Now one of the best-known of public health experts in the United States—not least because of his all-hours COVID-19 advisory appearances on major news networks—Hotez is a local hero this week in Houston, congratulations on the Indian EUA pouring in. He’d already had a sandwich named for him by Houston’s Antone’s Famous Po’ Boys. The Dr. Hotez One World banh mi—created in recognition of his work as dean of Baylor’s National School of Tropical Medicine—was introduced to help raise money for the Center for Vaccine Development.

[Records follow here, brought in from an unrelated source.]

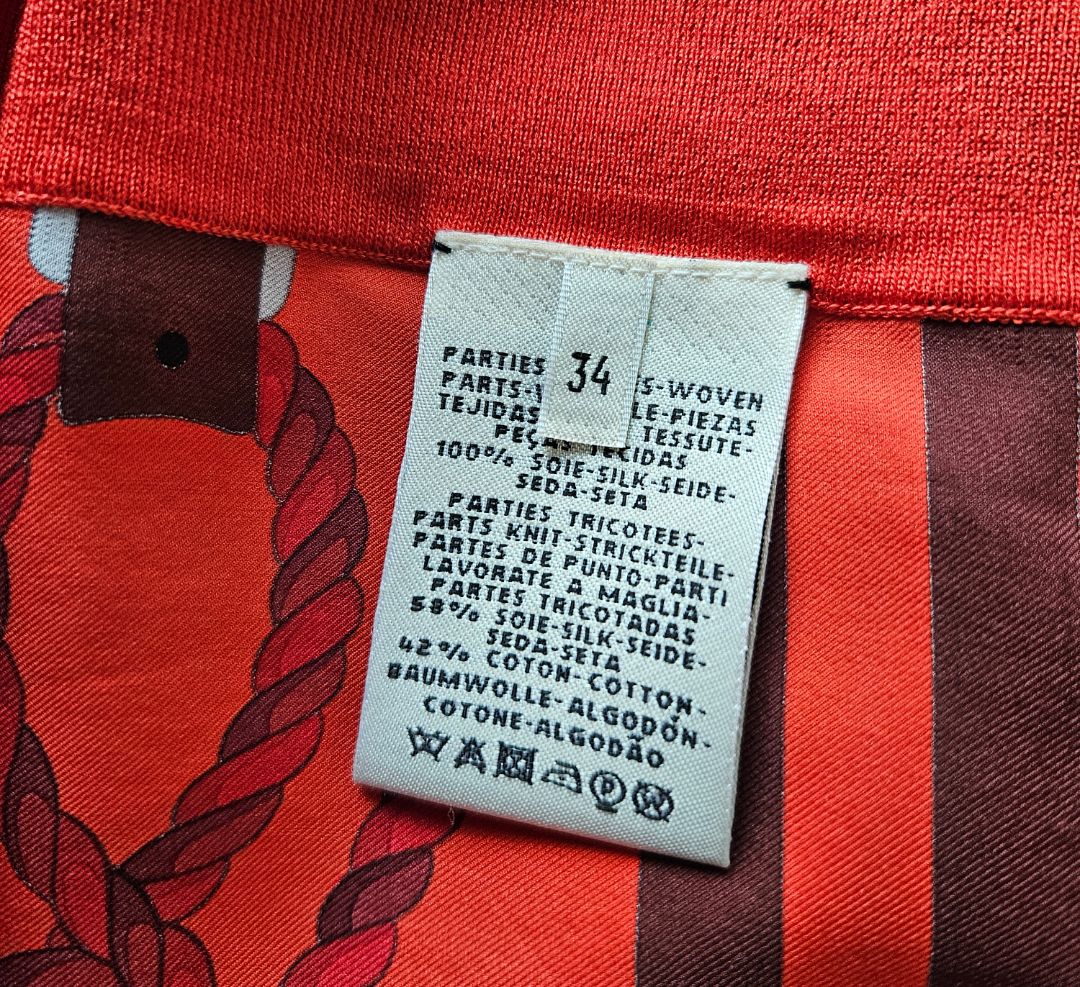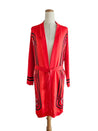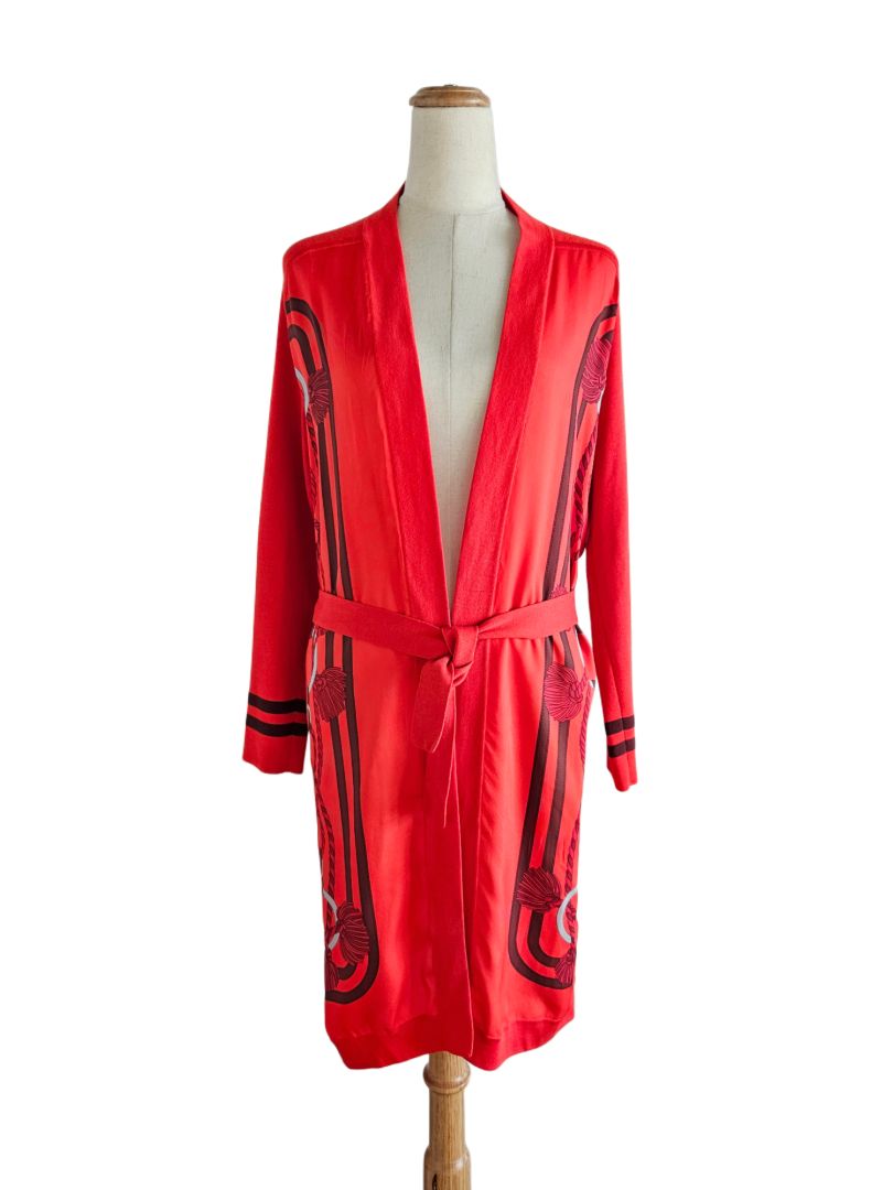 Hermès Red Print Silk & Knit Trim Long Twillaine Cardigan , Size FR34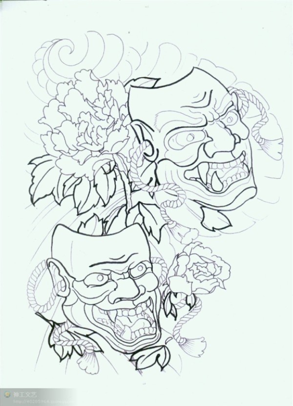 能面万媚纹身手稿_52张日式能剧面具纹身手稿图案素材欣赏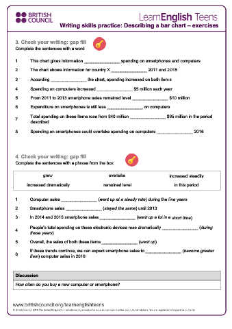1. Computer sales _______________ (went up at a steady rate) during the five years.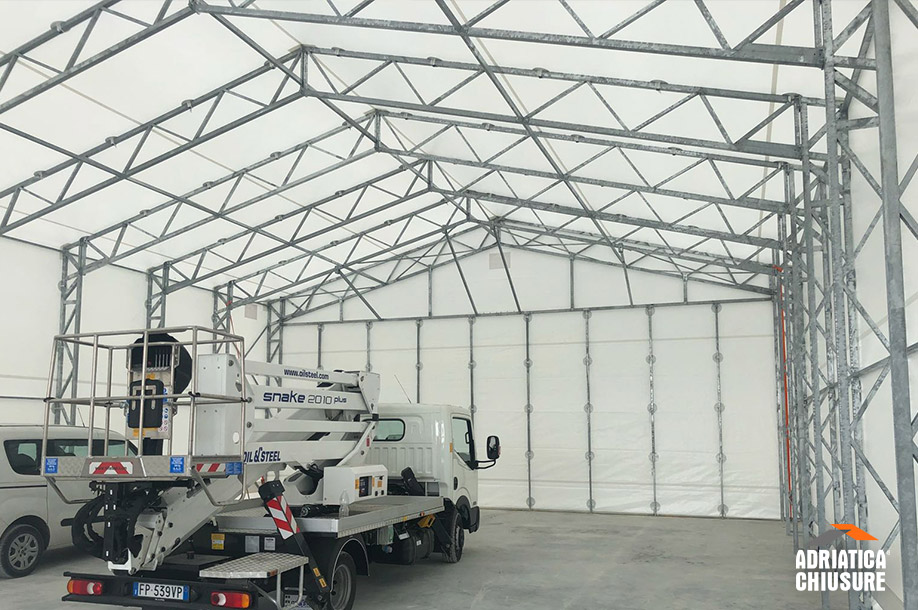 De Sanctis Edilizia non ha avuto dubbi e ha scelto Adriatica Chiusure per realizzare un’area deposito nei pressi del proprio stabilimento industriale in provincia di Teramo. La scelta è ricaduta su un tunnel mobile standard di 12 m di larghezza, 21 m di profondità e 4,2 m di altezza minima. Una struttura indipendente con misure predefinite che presenta il vantaggio di adattarsi a qualunque esigenza di copertura e caratterizzata da tempi di consegna ridotti rispetto a una struttura realizzata su misura.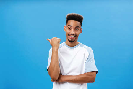 Attractive skillful coworker indicating at friend who can solve situation standing relaxed and carefree over blue background pointing left or backwards with thumb and smiling while casually talking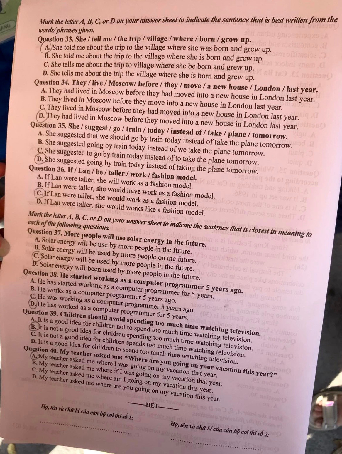 Đề thi Ngoại Ngữ ngày 10/6, mã đề 004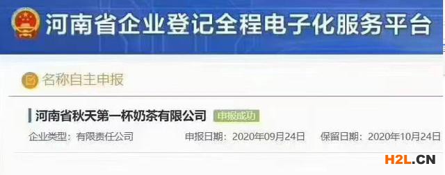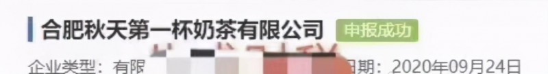 另外有消息稱,河南省秋天第一杯奶茶有限公司已于2020年9月24日申報成功,名稱保留一個月至10月24日。安徽省秋天第一杯奶茶有限公司、合肥秋天第一杯奶茶有限公司、秋天第壹杯奶茶有限公司等名稱也已相繼被占用。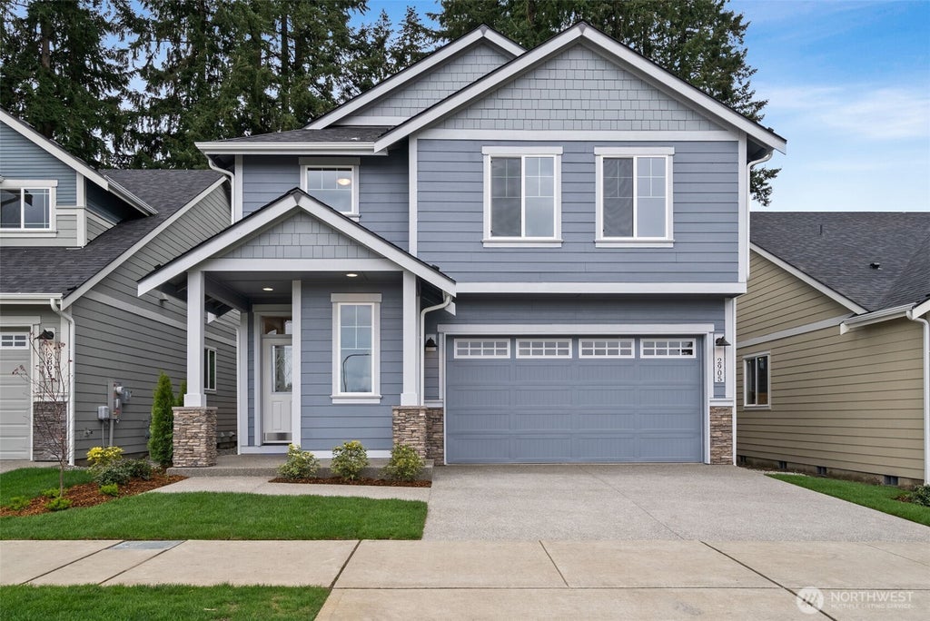 Experience luxury in this exquisite Move In Ready Skyview Estates home by Rob Rice Homes! The Dogwood-2591 sf features a spacious kitchen adorned with "Charcoal" Maple cabinets, quartz countertops, a full tile backsplash, a gas stove with double oven, and a walk-in pantry. Expansive hardwood floors fill the entry, kitchen, dining, and living room, plus quartz counters in all baths & utility room. This plan has a main floor den and an expansive upstairs bonus room for flexibility & functionality. Outdoors, enjoy a covered patio, full privacy fencing, and a landscaped yard. Energy efficient features include solar panels, a heat pump & hybrid electric water heater. Super close to I-5, Costco, & schools.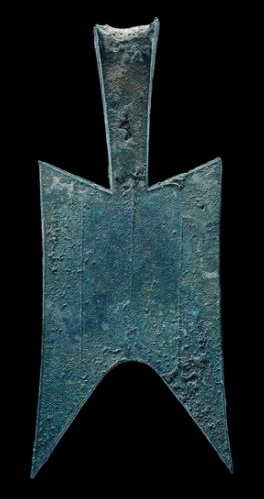 3.青铜空首布钱币 来自中国晋国。东周,公元前5世纪(正面图)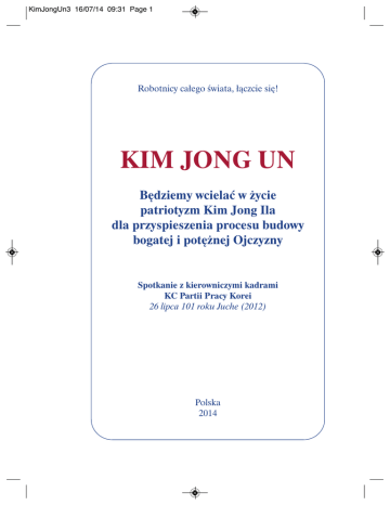 KimJongUn3 16/07/14 09:31 Page 1 Robotnicy całego świata, łączcie się! KIM JONG UN Będziemy wcielać w życie patriotyzm Kim Jong Ila dla przyspieszenia procesu budowy bogatej i potężnej Ojczyzny Spotkanie z kierowniczymi kadrami KC Partii Pracy Korei 26 lipca 101 roku Juche (2012) Polska 2014 KimJongUn3 16/07/14 09:31 Page 2 KimJongUn3 16/07/14 09:31 Page 3 Dzisiaj my urzeczywistniamy wielkie dzieło – dzieło budowy potężnego i rozkwitającego socjalistycznego państwa. I w tym procesie bardzo ważne jest, by wcielać w życie patriotyzm Kim Jong Ila. Wcześniej, posługując się podawanymi mi już przypadkami, poważnie mówiłem o patriotyzmie Kim Jong Ila. Jednak, niestety, nasze kierownicze kadry na razie nie posiadają głębokiego zrozumienia patriotyzmu Kim Jong Ila oraz nie umieją prawidłowo, metodycznie i efektywnie poprowadzić pracy mającej na celu wcielenia go w praktyce. Akcentujemy patriotyzm Kim Jong Ila nie dlatego, aby wykrzykiwać jego idee jak hasła, czy nieść go jak sztandar. Naszym celem jest, aby kadry kierownicze, członkowie partii, wszyscy ludzie pracy zapoznali się ze wspaniałymi wzorcami patriotyzmu prezentowanymi osobiście przez wielkiego Kim Jong Ila i konsekwentnie zastosowali go w swojej działalności w imię budowania bogatej i potężnej Ojczyzny. Towarzysz Kim Jong Il - niezrównany patriota. Jak nikt inny gorąco kochał swoją Ojczyznę i naród, poświęcił całe swoje życie sprawie pomnażania bogactwa i potęgi Ojczyzny, jej rozkwitowi i szczęściu narodu, dokonał nieśmiertelnych czynów, które, jako nieprzemijające stronice weszły do historii Ojczyzny. W jego sercu zawsze, gdzie by się nie znajdował, jak świętość zachowywały się obrazy ukochanej Ojczyzny i narodu. Widząc gęste lasy i przestrzeń wspaniale uporządkowanych pól, rysował w myślach jutrzejszy dzień Oj3 KimJongUn3 16/07/14 09:31 Page 4 czyzny wróżący dostatek, potęgę i rozkwit, przyszłe szczęście naszego narodu, którym pokolenia będą się delektować i cichutko, z serdecznością mówił jakby do siebie: „zielone góry”, „zielone pola”. A w podróżach zagranicznych zdarzało się, że całkowicie opanowany tęsknotą za daleką Ojczyzną i swoim narodem, z wielkim przejęciem wołał: „nasza Ojczyzna!”, „nasz naród!”. Widząc w trakcie jakiejś inspekcji góry z rzadko rosnącymi drzewami, z bólem serca, z przejęciem opowiadał: z dawien dawna nasz kraj nazywał się i nazywa „wyszytą jedwabiem przepiękną ziemią rozciągniętą na trzy tysiące ri”, co znaczy, że powinniśmy lepiej zagospodarowywać nasz kraj rodzinny, jak przystoi „wyszytej jedwabiem przepięknej ziemi” w epoce Partii Pracy i przekazać ją w takim stanie naszym potomkom. A zobaczywszy wokół miejsca dyslokacji jednostki wojskowej góry obsadzone drzewami, o które dbają ręce żołnierzy Armii Ludowej, cieszył się bezgranicznie i wysoko oceniając poczucie patriotyzmu żołnierzy przyznawał im wysoki tytuł – „jednostka patriotów”. Zobaczywszy przytulną wioskę i koszary tonące w morzu moreli i kaki, radośnie się uśmiechając, z rozrzewnieniem nazywał je po ludowemu: „Wioska z morelami”, „Kompania z drzewami kaki”. Od pierwszych dni swojej działalności rewolucyjnej, uskrzydlony twardym postanowieniem bycia gospodarzem odpowiedzialnym za sprawę rewolucji koreańskiej, poświęcił całe swoje życie, całego siebie, sprawie obrony socjalistycznej Ojczyzny i sławienia jej godności, do ostatnich minut swojego życia szedł i szedł drogą pat4 KimJongUn3 16/07/14 09:31 Page 5 riotycznego, pełnego poświęcenia służeniu Ojczyźnie i narodowi. Walka w obronie socjalistycznej Ojczyzny była najbardziej zaciętą konfrontacją z koalicyjnymi siłami imperializmu, bezprecedensową w historii najbezwzględniejszą bitwą. Aby pokonać trudną, ciężką sytuację, która wytworzyła się w Ojczyźnie i obronić Ojczyznę, Towarzysz Kim Jong Il wszedł na drogę walki na śmierć i życie – na nielekki marsz Songun. O tym, jaką ciężką drogę przeszedł on z patriotycznym poświęceniem w imię obrony socjalistycznej Ojczyzny, jednoznacznie świadczy jego jedyna watowana kurtka, którą nosił już od okresu „Trudnego marszu” do ostatnich dni swojego życia. O ile pamiętam, pewnego roku, on, nie bez wzruszenia wspominając dni, kiedy przezwyciężył ciężkie próby, nagle zaczął opowiadać o swojej watowanej kurtce, którą właśnie miał na sobie. Z przejęciem mówił: tę watowaną kurtkę zacząłem nosić od tego czasu, gdy po utracie kochanego wodza weszliśmy na drogę „Trudnego marszu”; nie mogę zapomnieć tej ciężkiej historii i dlatego teraz nie zdejmuję jej; ta watowana kurtka, powiedziałbym, jest symbolem rewolucji Songun. Wszyscy wiedzą, że watowana kurtka staje się coraz cieńsza, jeśli nosić ją przez długi czas i nie chroni przed mrozem. A on w takiej cienkiej kurtce nie tyle myślał o przenikliwym chłodzie i mrozie, co rozpalał się gorącym poczuciem obowiązku stania na straży Ojczyzny. I ponad dziesięć lat chodził w tej jedynej watowanej kurtce, i przejawiając żelazną wolę i ponadludzką energię, odwiedzał najdalsze posterunki obrony Oj5 KimJongUn3 16/07/14 09:31 Page 6 czyzny oraz otaczając troską swoich żołnierzy wykuwał z nich śmiałków gotowych walczyć z przeciwnikiem w myśl zasady „jeden przeciwko stu”. W srogie śnieżne zamiecie szedł i szedł do żołnierzy pokonując stromą przełęcz Chol oraz góry Osong i przecinając fale wzburzonego morza płynął na wyspę Cho. Te i wszystkie inne wysunięte posterunki obrony Ojczyzny będą świadkami jego patriotycznego poświęcenia w marszu Songun. Dzięki jego mądremu przywództwu nasza Ojczyzna pozbawiona przed stu laty swojej państwowości w wyniku słabości jej sił militarnych, teraz demonstruje przed całym światem swój imponujący wizerunek jako światowej potęgi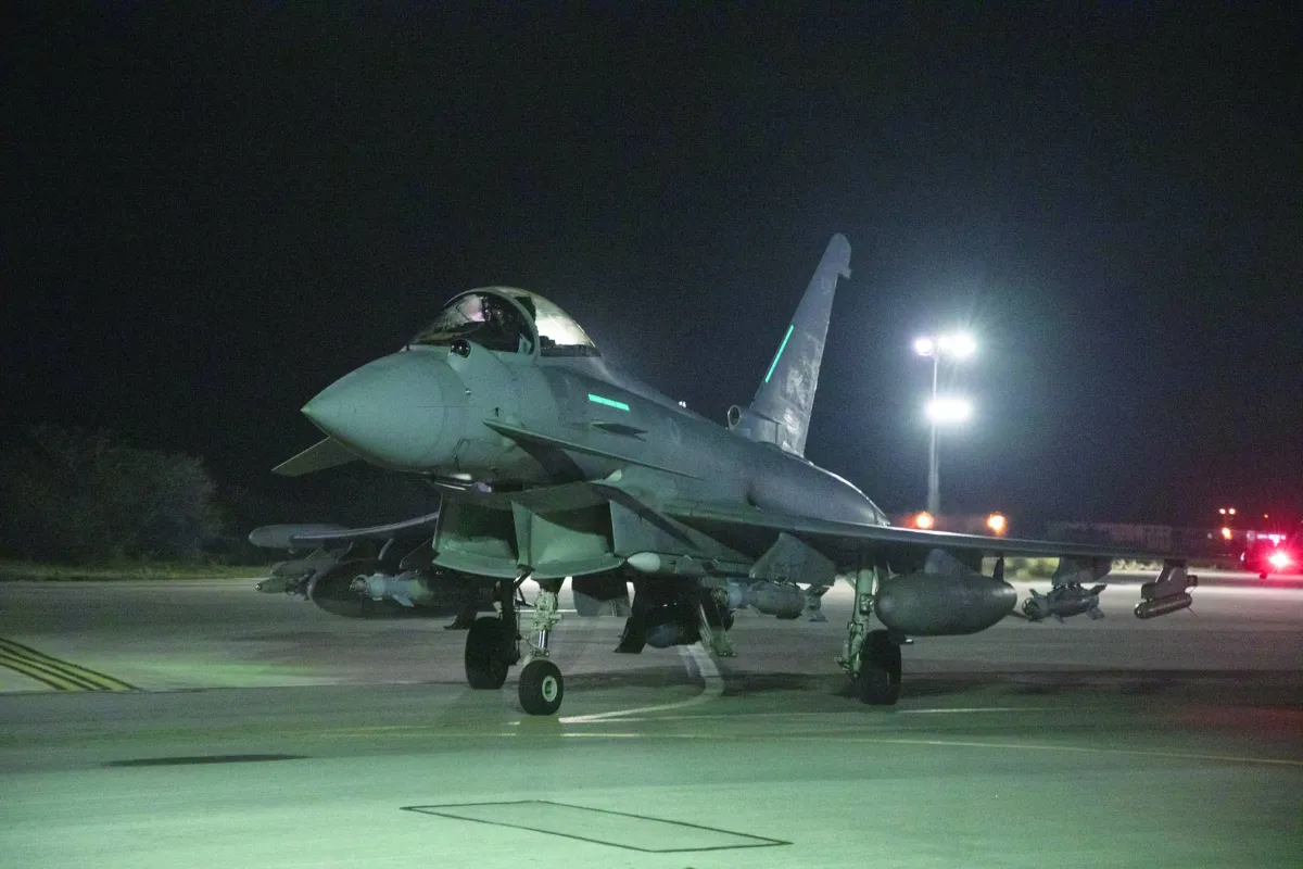 مقاتلة بريطانية من طراز «تايفون» تستعد للإقلاع من قاعدة في قبرص في مهمة ضد الحوثيين في اليمن (أ.ب)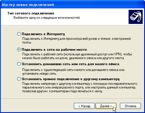 выберите "Подключить к сети на рабочем месте" и нажмите "Далее" (Скриншот №15)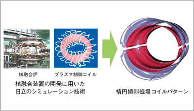 日立には,超電導オープンMRI「OASIS」で開発したフラットな傾斜磁場コイルを設計できる高度な技術があります。図5に示すこの技術は,核融合装置のプラズマを制御する高精度コイルを設計するために日立が開発した解析シミュレーションプログラムです。これは,従来のようにコイルパターンを入力して発生する磁場分布を計算するのではなく,発生させたい磁場分布とコイルの存在位置を入力して,逆問題を解いて任意の形状のコイルパターンを計算できる優れたプログラムです。この技術により,「ECHELON OVAL」ではこれまで困難であった楕円形状の傾斜磁場コイルパターンを完成させました。さらに,このシミュレーションプログラムは,静磁場の均一性を向上する磁場シミングのシミュレーションにも応用されています。

Hotez is the author of four books.
In addition to this year’s Preventing the Next Pandemic, he has published:
- Vaccines Did Not Cause Rachel’s Autism: My Journey as a Vaccine Scientist, Pediatrician, and Autism Dad (Johns Hopkins University Press, 2018, foreword by Arthur Caplan)
- Forgotten People, Forgotten Diseases: The Neglected Tropical Diseases and Their Impact on Global Health and Development now in a third edition (Wiley/ASM Press, October)
- Blue Marble Health: An Innovative Plan to Fight Diseases of the Poor Amid Wealth (Johns Hopkins University Press, 2011, foreword by Cher)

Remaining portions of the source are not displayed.